# Provided records:
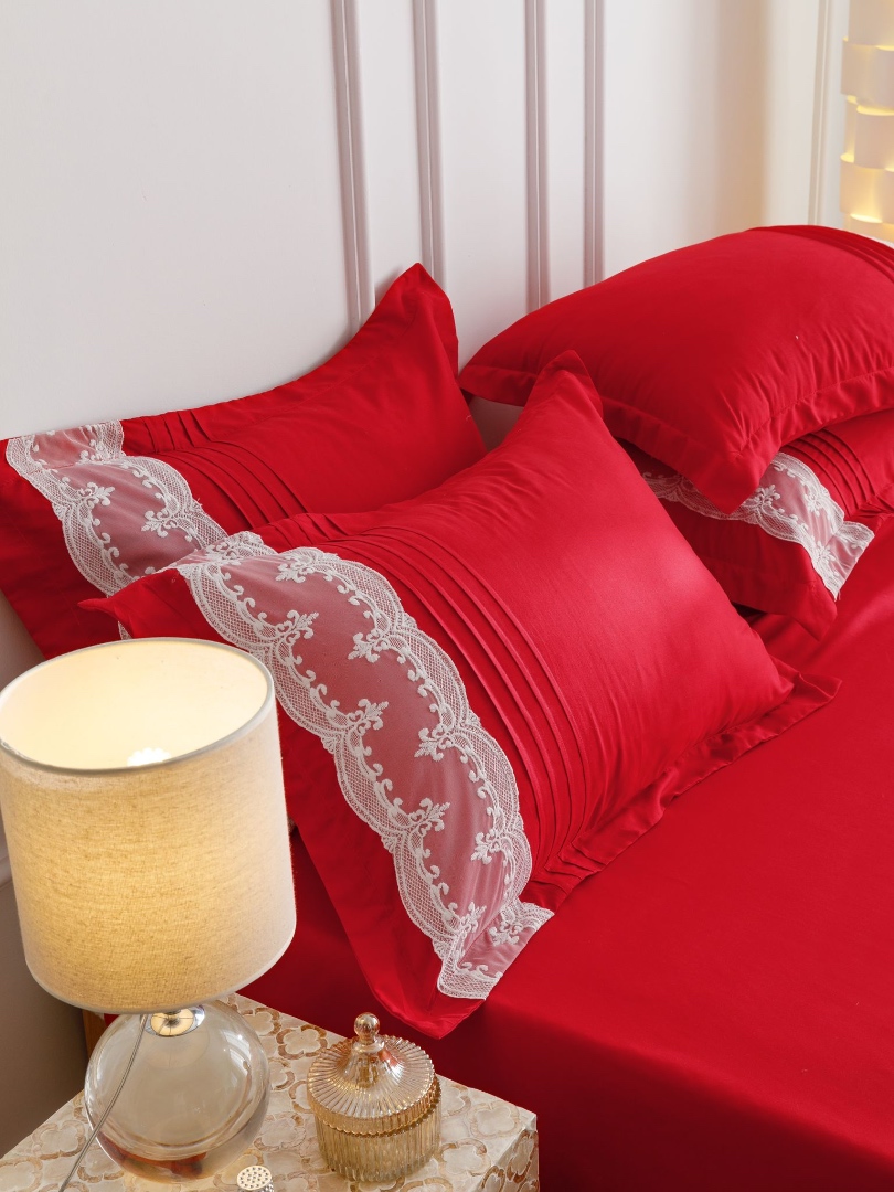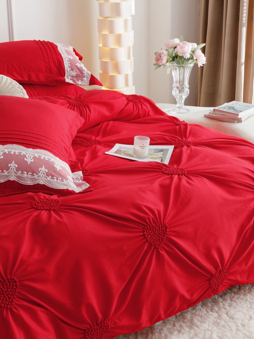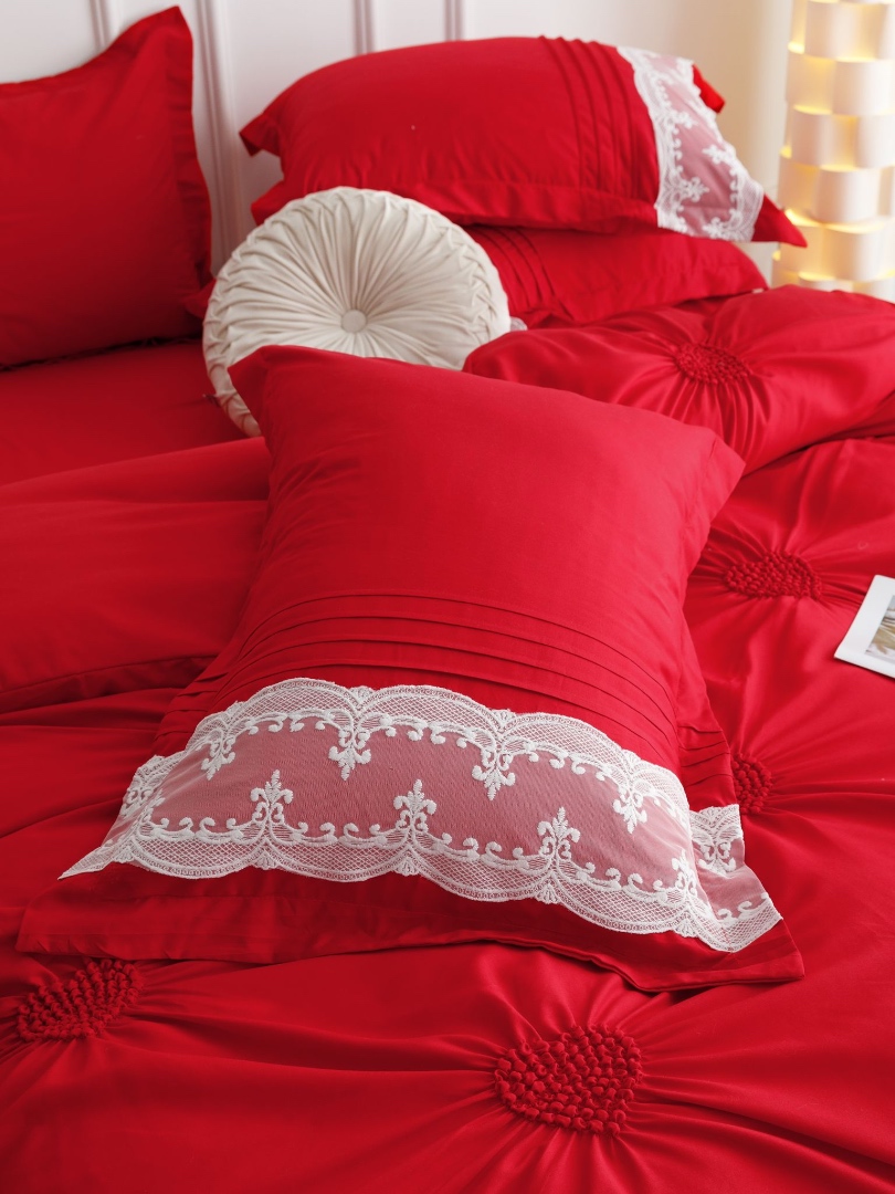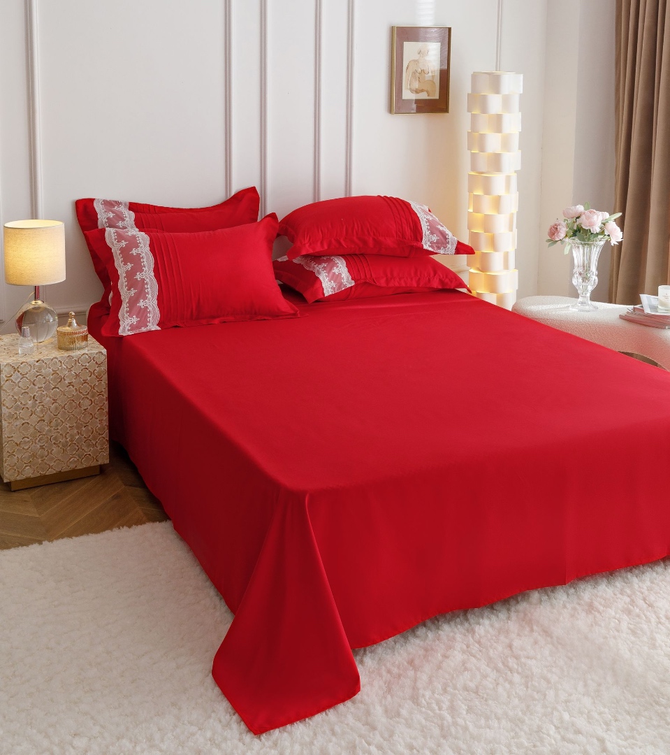 Lenjerie de Pat Premium, JOJO HOME, Finet Soft Touch, cu Inimioare din Pliuri Brodate, si Dantela Delicata, 6 Piese, Nesifonabila si Durabila, Rosu
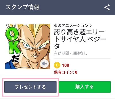 開いたスタンプページで「プレゼントする」をタップします。
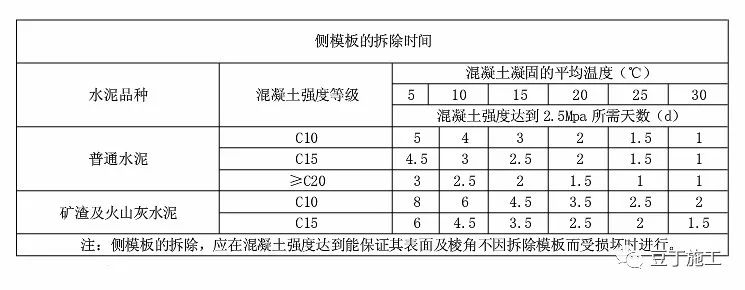 (6)模板拆除時,混凝土的強(qiáng)度必須達(dá)到一定的要求,如混凝土沒達(dá)到規(guī)定的強(qiáng)度要提前拆模時,必須經(jīng)過計算(多留混凝土試塊,拆模前混凝土試塊經(jīng)試壓)確認(rèn)其強(qiáng)度能夠拆模,才能拆除。
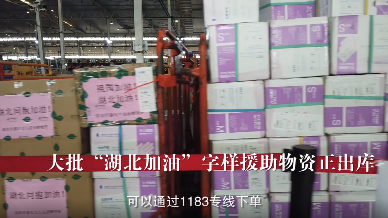 大批“湖北加油”字样援助物资正出库
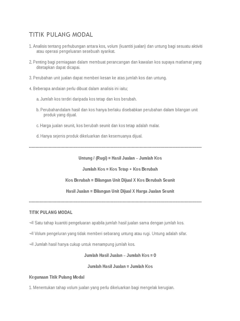 Pengiraan Titik Pulang Modal Docx
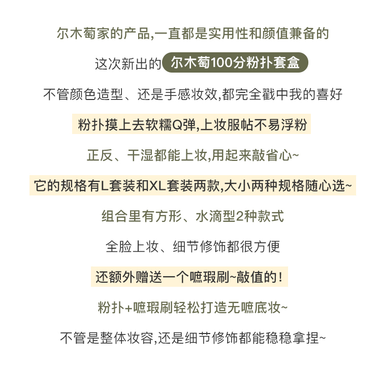 尔木萄 底妆100分粉扑套盒气垫干湿两用超软棉花糖不吃粉
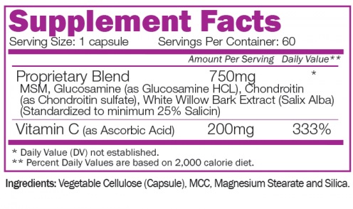 Съставки : MSM , Глюкозамин , Хондроитин , Витамин C ,кора от бяла върба
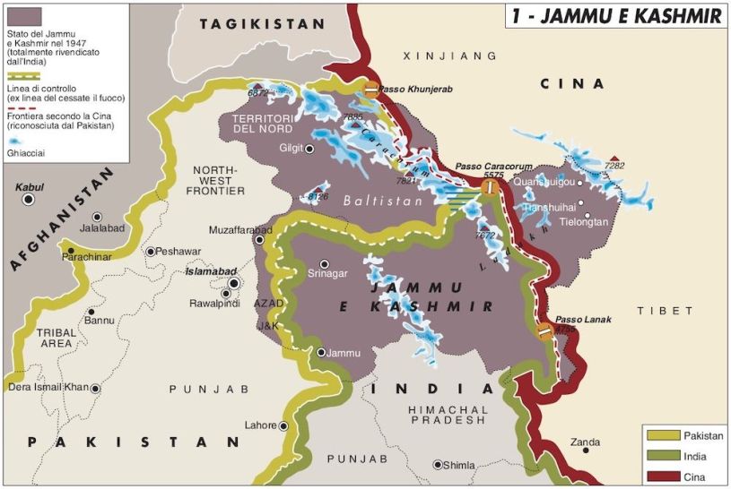 In questa situazione, sia Pechino sia New Delhi potrebbero essere tentate di cercare colpi di teatro che distraggano l’opinione pubblica e, meglio, facciano stringere i cittadini intorno al loro governo, una reazione naturale di fronte a un minaccioso nemico straniero. Nell’immediato è difficile anche capire come possano gestire la cosiddetta “de-escalation” che entrambi dicono di volere. Tutta l’intricata vicenda dei confini tra Cina e India, alle quali dobbiamo aggiungere il Pakistan, nasce e ruota intorno al destino dell’ex-principato del Jammu e Kashmir.
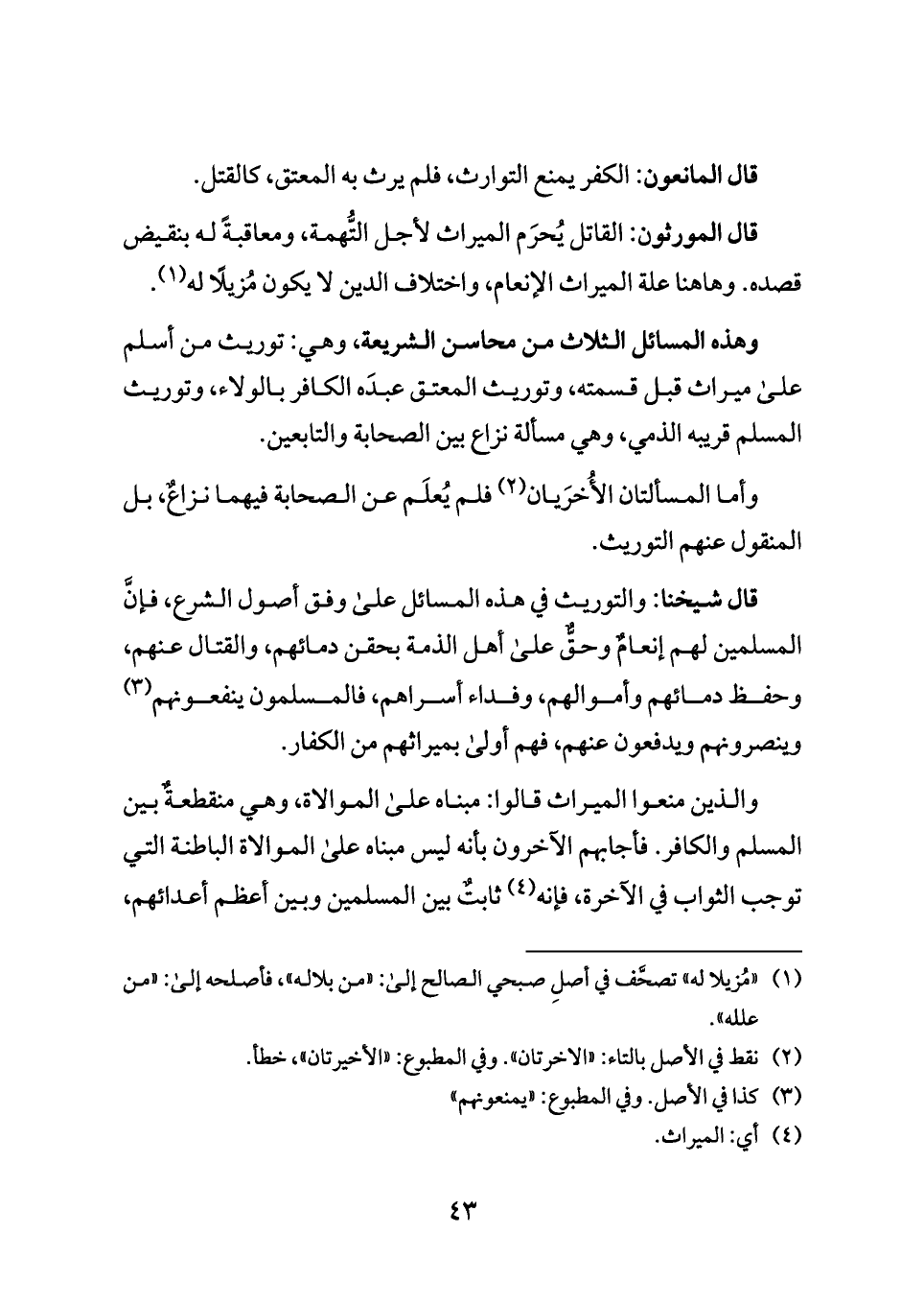 وهذه المسائل الثلاث من محاسن الشريعة، وهي: توريث من أسلم على ميراث قبل قسمته، وتوريث المعتق عبدَه الكافر بالولاء، وتوريث المسلم قريبه الذمي، وهي مسألة نزاع بين الصحابة والتابعين.
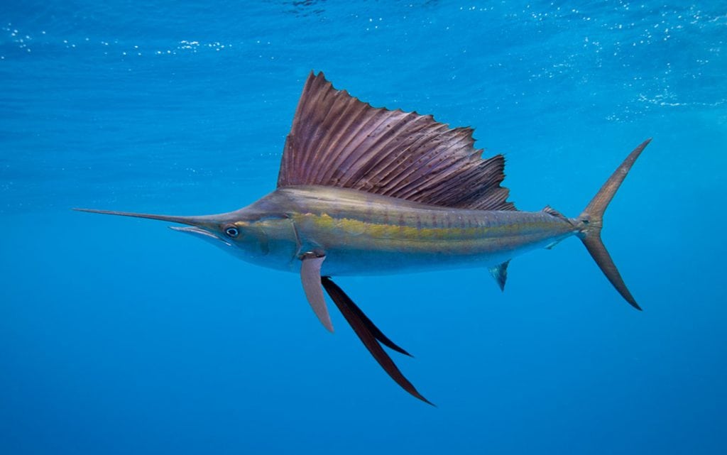 The sailfish’s spear-like bill also comes in handy for slashing at larger prey fish, which stuns them into submission. Together, sailfish engage their huge dorsal fins, creating a fence around their prey to prevent their victims from escaping their clutches.
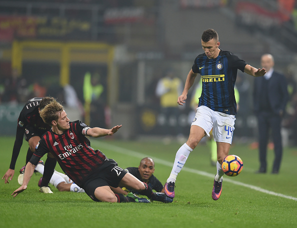 MILAN, ITALY - NOVEMBER 20: Ivan Perisic of FC Internazionale (R) competes for the ball with Ignazio Abate of AC Milan during the Serie A match between AC Milan and FC Internazionale at Stadio Giuseppe Meazza on November 20, 2016 in Milan, Italy. (Photo by Claudio Villa - Inter/Inter via Getty Images)
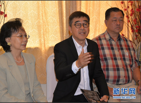 马来西亚-中国文化艺术协会工委会主席叶啸(中)介绍南国菩提在马来西亚国家文化宫演出的细节。(王大玮摄)
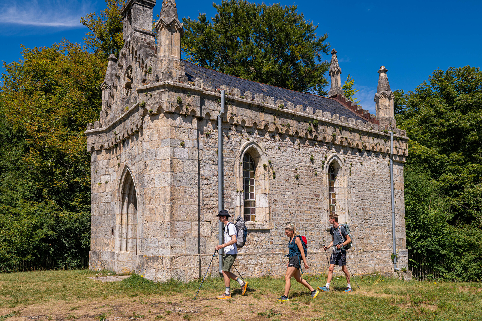 After the small bridge, turn right and walk alongside the fish farm. Climb the hill and follow the yellow and blue signs to a large stone house. You'll see a little Virgin Mary in a niche. You are now in Montivernage.
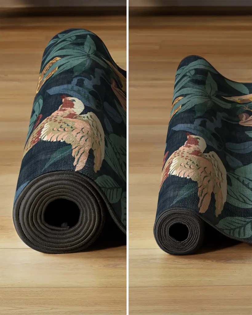 Bring home the tropics with our Sanderson Bamboo & Bird Indigo Rug. Delicate bamboo, hibiscus, hydrangea, and wisteria motifs create a twisting framework for birds to perch. Its palette blends turquoise and bright blues, yellows, ochres, oranges, pinks, corals, and beiges, with pops of light cream against a deep indigo blue background. Water-resistant, stain-resistant, and machine-washable. Rug colors may vary slightly according to your device and the lighting in your space.
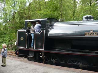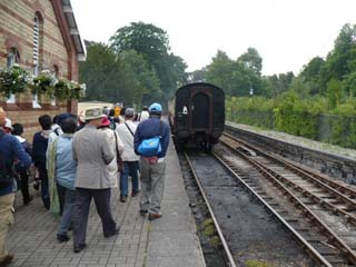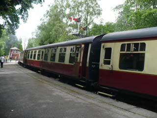 | ウィンダミア湖南端にあるレイクサイド駅から、ハーバースウェイト駅までレヴァン渓谷の眺めを楽しむ保存鉄道です。船が遅れたので、急いで乗車しないといけませんでした。⇒写真を拡大する | 列車の方に行っても機関車の姿が見えません。このずっと先にあるようです。 | |

# What is required:
In transcribing the lines above, omit the images and keep all else exact.

# Solution for this problem:
 Lenjerie de Pat Premium, JOJO HOME, Finet Soft Touch, cu Inimioare din Pliuri Brodate, si Dantela Delicata, 6 Piese, Nesifonabila si Durabila, Rosu
 開いたスタンプページで「プレゼントする」をタップします。
 (6)模板拆除時,混凝土的強(qiáng)度必須達(dá)到一定的要求,如混凝土沒達(dá)到規(guī)定的強(qiáng)度要提前拆模時,必須經(jīng)過計算(多留混凝土試塊,拆模前混凝土試塊經(jīng)試壓)確認(rèn)其強(qiáng)度能夠拆模,才能拆除。
 大批“湖北加油”字样援助物资正出库
 Pengiraan Titik Pulang Modal Docx
 尔木萄 底妆100分粉扑套盒气垫干湿两用超软棉花糖不吃粉
 Съставки : MSM , Глюкозамин , Хондроитин , Витамин C ,кора от бяла върба
 In questa situazione, sia Pechino sia New Delhi potrebbero essere tentate di cercare colpi di teatro che distraggano l’opinione pubblica e, meglio, facciano stringere i cittadini intorno al loro governo, una reazione naturale di fronte a un minaccioso nemico straniero. Nell’immediato è difficile anche capire come possano gestire la cosiddetta “de-escalation” che entrambi dicono di volere. Tutta l’intricata vicenda dei confini tra Cina e India, alle quali dobbiamo aggiungere il Pakistan, nasce e ruota intorno al destino dell’ex-principato del Jammu e Kashmir.
 وهذه المسائل الثلاث من محاسن الشريعة، وهي: توريث من أسلم على ميراث قبل قسمته، وتوريث المعتق عبدَه الكافر بالولاء، وتوريث المسلم قريبه الذمي، وهي مسألة نزاع بين الصحابة والتابعين.
 The sailfish’s spear-like bill also comes in handy for slashing at larger prey fish, which stuns them into submission. Together, sailfish engage their huge dorsal fins, creating a fence around their prey to prevent their victims from escaping their clutches.
 MILAN, ITALY - NOVEMBER 20: Ivan Perisic of FC Internazionale (R) competes for the ball with Ignazio Abate of AC Milan during the Serie A match between AC Milan and FC Internazionale at Stadio Giuseppe Meazza on November 20, 2016 in Milan, Italy. (Photo by Claudio Villa - Inter/Inter via Getty Images)
 马来西亚-中国文化艺术协会工委会主席叶啸(中)介绍南国菩提在马来西亚国家文化宫演出的细节。(王大玮摄)
 After the small bridge, turn right and walk alongside the fish farm. Climb the hill and follow the yellow and blue signs to a large stone house. You'll see a little Virgin Mary in a niche. You are now in Montivernage.
 Bring home the tropics with our Sanderson Bamboo & Bird Indigo Rug. Delicate bamboo, hibiscus, hydrangea, and wisteria motifs create a twisting framework for birds to perch. Its palette blends turquoise and bright blues, yellows, ochres, oranges, pinks, corals, and beiges, with pops of light cream against a deep indigo blue background. Water-resistant, stain-resistant, and machine-washable. Rug colors may vary slightly according to your device and the lighting in your space.
 | ウィンダミア湖南端にあるレイクサイド駅から、ハーバースウェイト駅までレヴァン渓谷の眺めを楽しむ保存鉄道です。船が遅れたので、急いで乗車しないといけませんでした。⇒写真を拡大する | 列車の方に行っても機関車の姿が見えません。このずっと先にあるようです。 | |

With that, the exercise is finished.